*Information shown*
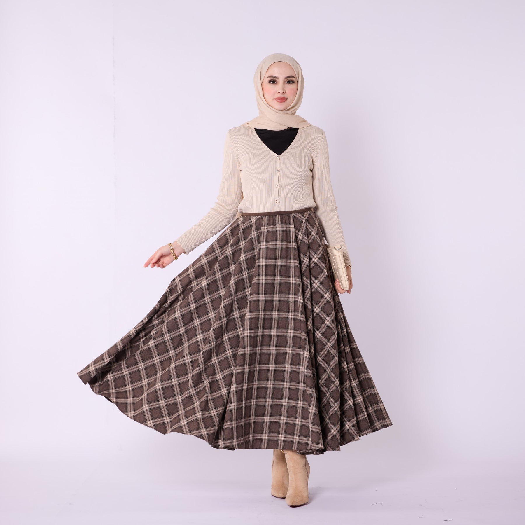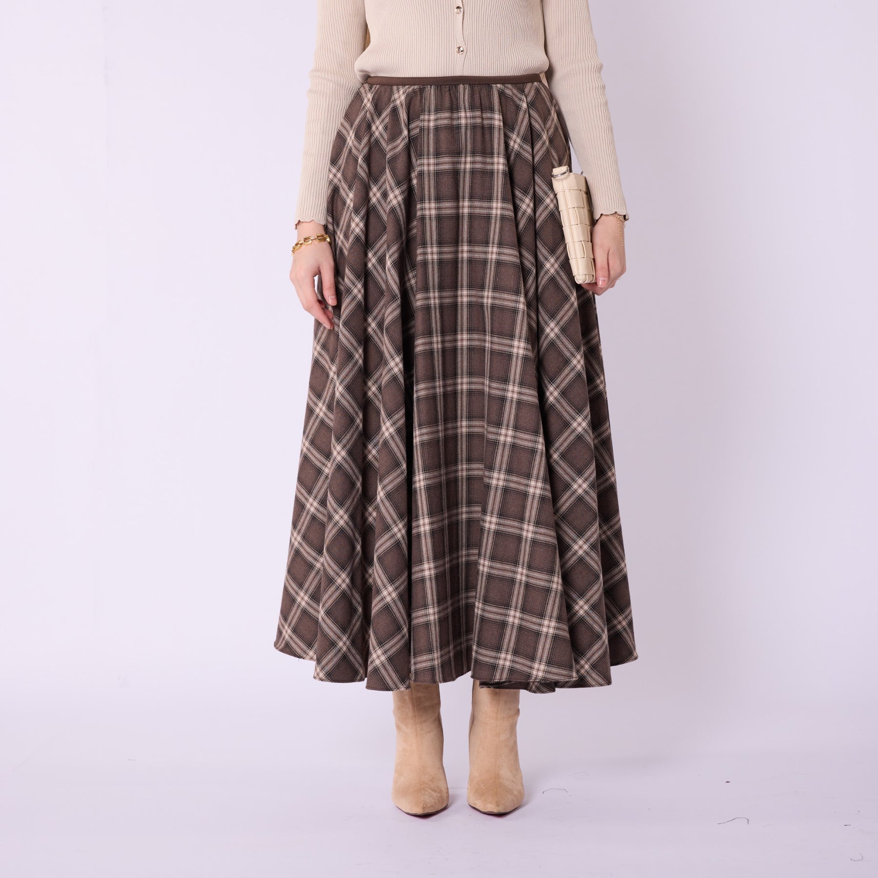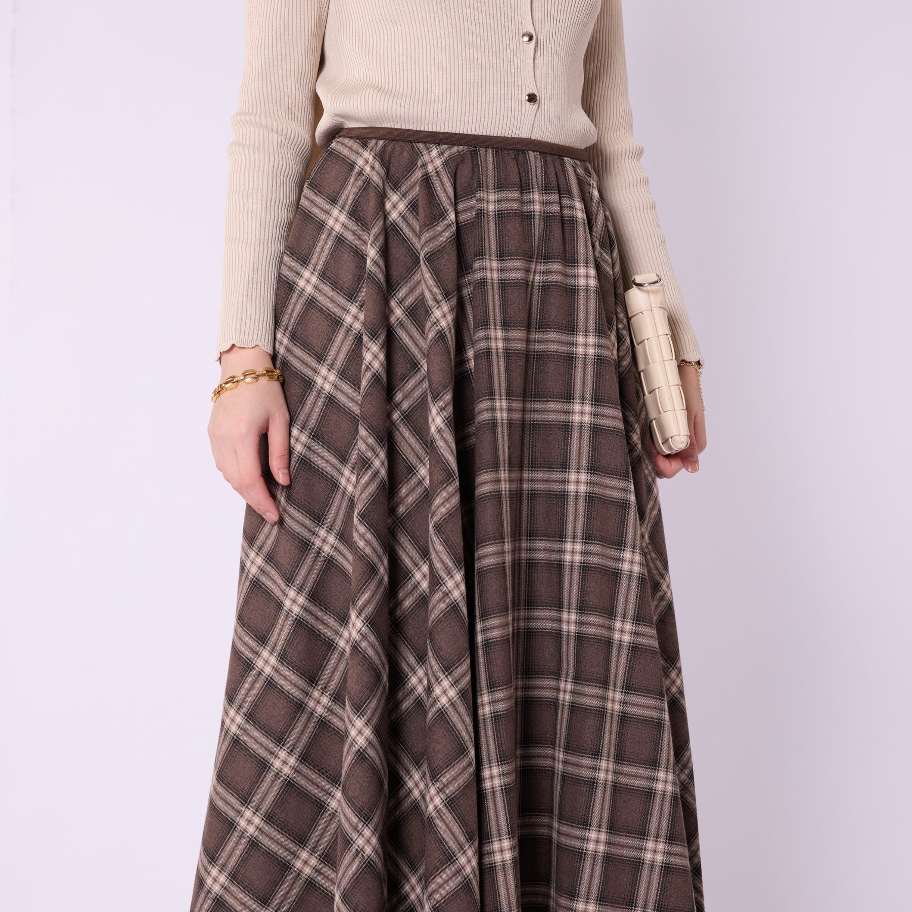 Combining the timeless charm of plaid with a modern silhouette, this elastic-waist pleated skirt is a comfortable and stylish choice for everyday wear. Crafted from lightweight 100% polyester fabric, it provides ease of movement throughout the day, while its unlined structure offers a free-flowing drape. Available in black and brown tones, it pairs effortlessly with sweaters, shirts, and boots for versatile winter outfits. The pleated design adds natural volume, and the elastic waistband comfortably adapts to different body shapes, making it a practical yet chic wardrobe essential.
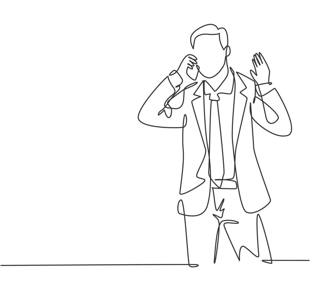 One continuous line drawing of young manager calling his staff using smartphone to ask finalizing company annual report. Business call concept. Single line draw design graphic vector illustration Pro Vector
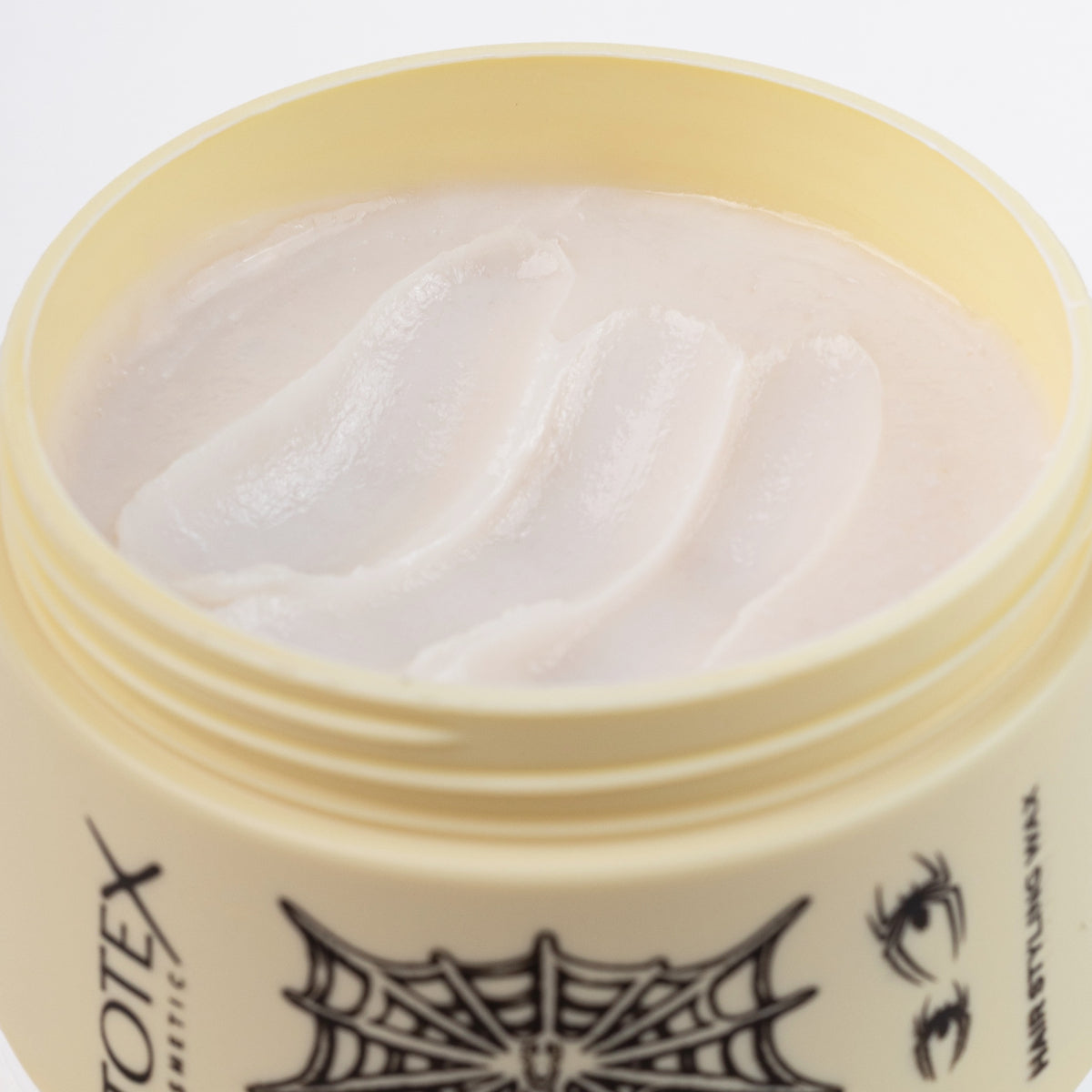 Totex Fiber Hair Wax — also known as "Spider Wax" — brings a next-level styling experience with its fibrous, elastic texture that stretches like webbing between your fingers. This wax delivers a glossy finish, strong hold, and flexible movement, making it ideal for creative, sculpted, or layered hairstyles. Packaged in a unique tan jar, it’s designed for standout looks and modern shelf appeal.
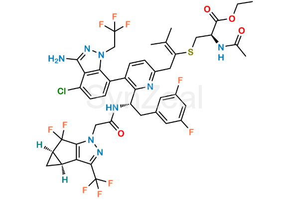 Nome Químico: Ethyl N-acetyl-S-(1-(5-(3-amino-4-chloro-1-(2,2,2-trifluoroethyl)-1H-indazol-7-yl)-6-((S)-1-(2-((3bS,4aR)-5,5-difluoro-3-(trifluoromethyl)-3b,4,4a,5-tetrahydro-1H-cyclopropa[3,4]cyclopenta[1,2-c]pyrazol-1-yl)acetamido)-2-(3,5-difluorophenyl)ethyl)pyridin-2-yl)-3-methylbut-2-en-2-yl)-L-cysteinate

*Description of the task*
Write out the listing again word for word, but without its pictures.

*Expected output*
 Combining the timeless charm of plaid with a modern silhouette, this elastic-waist pleated skirt is a comfortable and stylish choice for everyday wear. Crafted from lightweight 100% polyester fabric, it provides ease of movement throughout the day, while its unlined structure offers a free-flowing drape. Available in black and brown tones, it pairs effortlessly with sweaters, shirts, and boots for versatile winter outfits. The pleated design adds natural volume, and the elastic waistband comfortably adapts to different body shapes, making it a practical yet chic wardrobe essential.
 One continuous line drawing of young manager calling his staff using smartphone to ask finalizing company annual report. Business call concept. Single line draw design graphic vector illustration Pro Vector
 Totex Fiber Hair Wax — also known as "Spider Wax" — brings a next-level styling experience with its fibrous, elastic texture that stretches like webbing between your fingers. This wax delivers a glossy finish, strong hold, and flexible movement, making it ideal for creative, sculpted, or layered hairstyles. Packaged in a unique tan jar, it’s designed for standout looks and modern shelf appeal.
 Nome Químico: Ethyl N-acetyl-S-(1-(5-(3-amino-4-chloro-1-(2,2,2-trifluoroethyl)-1H-indazol-7-yl)-6-((S)-1-(2-((3bS,4aR)-5,5-difluoro-3-(trifluoromethyl)-3b,4,4a,5-tetrahydro-1H-cyclopropa[3,4]cyclopenta[1,2-c]pyrazol-1-yl)acetamido)-2-(3,5-difluorophenyl)ethyl)pyridin-2-yl)-3-methylbut-2-en-2-yl)-L-cysteinate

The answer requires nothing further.